/simple-amt

A microframework for working with Amazon's Mechanical Turk

Primary LanguagePythonMIT LicenseMIT

simple-amt

simple-amt is a microframework for working with Amazon's Mechanical Turk (AMT). It was designed with the following three principles in mind:

  • Abstract away the details of AMT to let you focus on your own task.
  • Place no restrictions on the structure of your AMT tasks.
  • Lightweight and easy to understand.

Quick start guide

Follow these steps to set up simple-amt and run a simple HIT on AMT.

Check out the codebase and set up a virtualenv

git clone https://github.com/jcjohnson/simple-amt.git
cd simple-amt
virtualenv .env
source .env/bin/activate
pip install -r requirements.txt

Configure your Amazon account

To use AMT, you'll need an Amazon AWS account. To interact with Amazon, simple-amt needs an access key and corresponding secret key for your Amazon account.
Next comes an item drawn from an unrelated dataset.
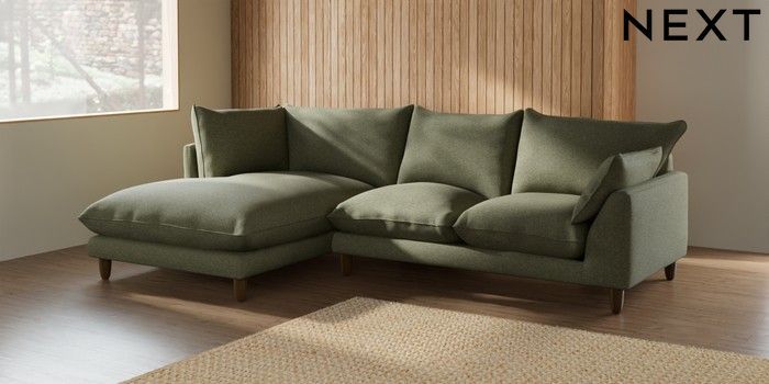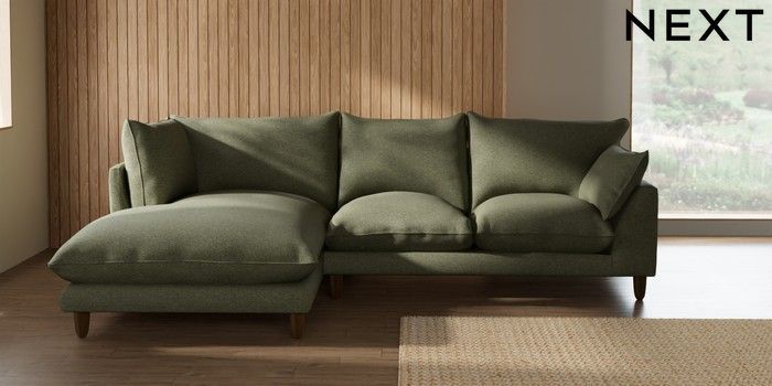 7.2.10 Noa Deep Relaxed Sit Medium Corner Chaise - Left Hand Tweedy Chenille Mid Moss Green High Leg - Mid | Made Click here to use our website with more accessibility support, for example screen readers

You can find these here. Once you have these, place then in a file called config.json for simple-amt:

cp config.json.example config.json
# edit config.json; fill out the "aws_access_key" and "aws_secret_key" fields.

WARNING: Your AWS keys provide full access to your AWS account, so be careful about where you store your config.json file!

Launch some HITs

We've included a sample HIT that asks workers to write sentences to describe images. To launch a couple of these HITs on the AMT sandbox, run the following:

python launch_hits.py \
  --html_template=image_sentence.html \
  --hit_properties_file=hit_properties/image_sentence.json \
  --input_json_file=examples/image_sentence/example_input.txt \
  --hit_ids_file=examples/image_sentence/hit_ids.txt

This is the most complicated command that you will need to run; let's break it down:

  • The file image_sentence.html is a simple jinja2 template that defines the UI of the HIT; you can find it in hit_templates/image_sentence.html.
  • The file hit_properties/image_sentence.json defines the properties of the HIT: title, keywords, price, etc.
  • The file examples/image_sentence/example_input.txt contains inputs for the HITs that you want to create. The input to each HIT is a JSON object, and the input file contains one such JSON object per line. One HIT is created for each line of the input file.
  • The IDs of the created HITs are written to the file examples/image_sentence/hit_ids.txt. You will use this file as input to other commands in order to operate on the batch of HITs that you just created.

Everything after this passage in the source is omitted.